> _What you should do_
An exact copy of the data is needed, but without any of its images.

Provided data: Begin

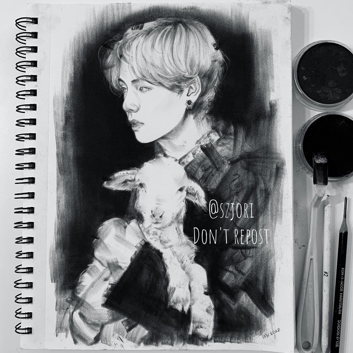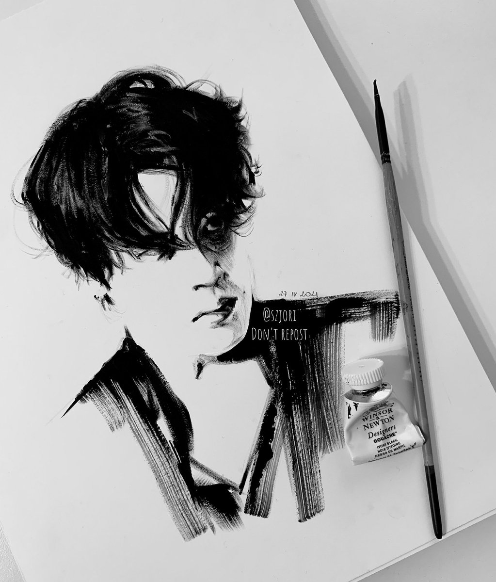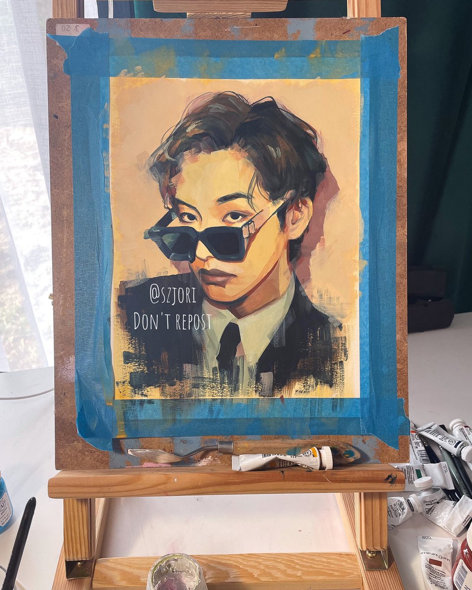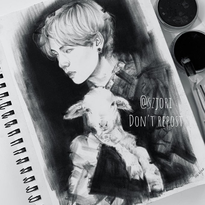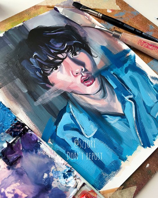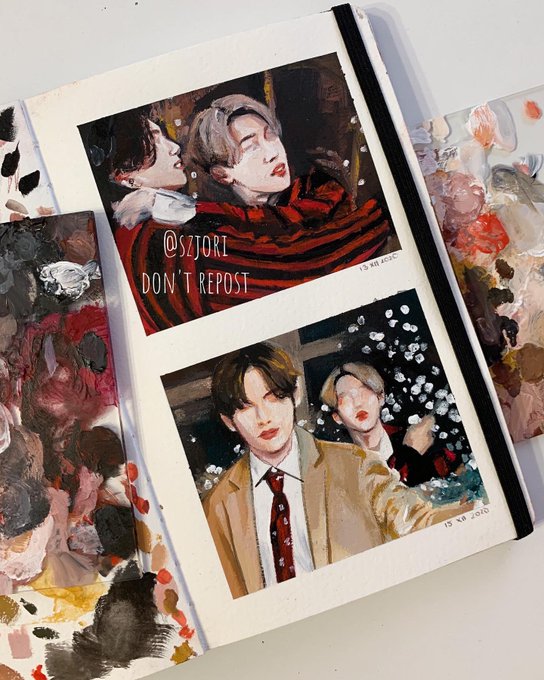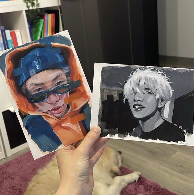 These 2 paintings are for sale! DM if you're interested #NAMJOON #TAEHYUNG #btsfanart Retweets would mean a world to me ❤️
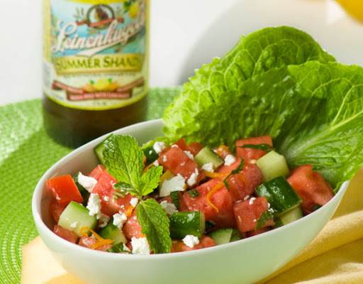 In a large serving bowl, mix the honey, extra virgin olive oil, lemons and Leinenkugel’s Summer Shandy. Mix well, and add chopped watermelon, tomato, cucumber and mint. Layer two romaine leaves on a salad plate or in a salad bowl, scoop a quarter of the mix onto the leaves and sprinkle goat cheese over top. Repeat three times to layer.
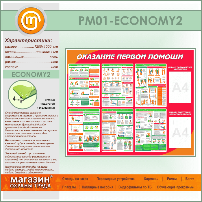 Стенд «Оказание первой помощи» с плоским и объемным карманами (PM-01-ECONOMY2) в Кашире купить
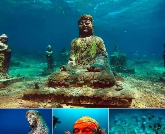 水下的这些坐像叫海底佛像,表面长了青苔和珊瑚,鼻梁和手指都被海水磨圆了,周围小鱼一阵一阵地拐过来,阳光从水面一层层压下来,像给它们披了薄纱,小时候在书上看海神庙,脑子里一直是飘忽的影子,这张让我第一次觉得海也能把寺院收在怀里。

Provided data: End

> _Solved exercise_
 These 2 paintings are for sale! DM if you're interested #NAMJOON #TAEHYUNG #btsfanart Retweets would mean a world to me ❤️
 In a large serving bowl, mix the honey, extra virgin olive oil, lemons and Leinenkugel’s Summer Shandy. Mix well, and add chopped watermelon, tomato, cucumber and mint. Layer two romaine leaves on a salad plate or in a salad bowl, scoop a quarter of the mix onto the leaves and sprinkle goat cheese over top. Repeat three times to layer.
 Стенд «Оказание первой помощи» с плоским и объемным карманами (PM-01-ECONOMY2) в Кашире купить
 水下的这些坐像叫海底佛像,表面长了青苔和珊瑚,鼻梁和手指都被海水磨圆了,周围小鱼一阵一阵地拐过来,阳光从水面一层层压下来,像给它们披了薄纱,小时候在书上看海神庙,脑子里一直是飘忽的影子,这张让我第一次觉得海也能把寺院收在怀里。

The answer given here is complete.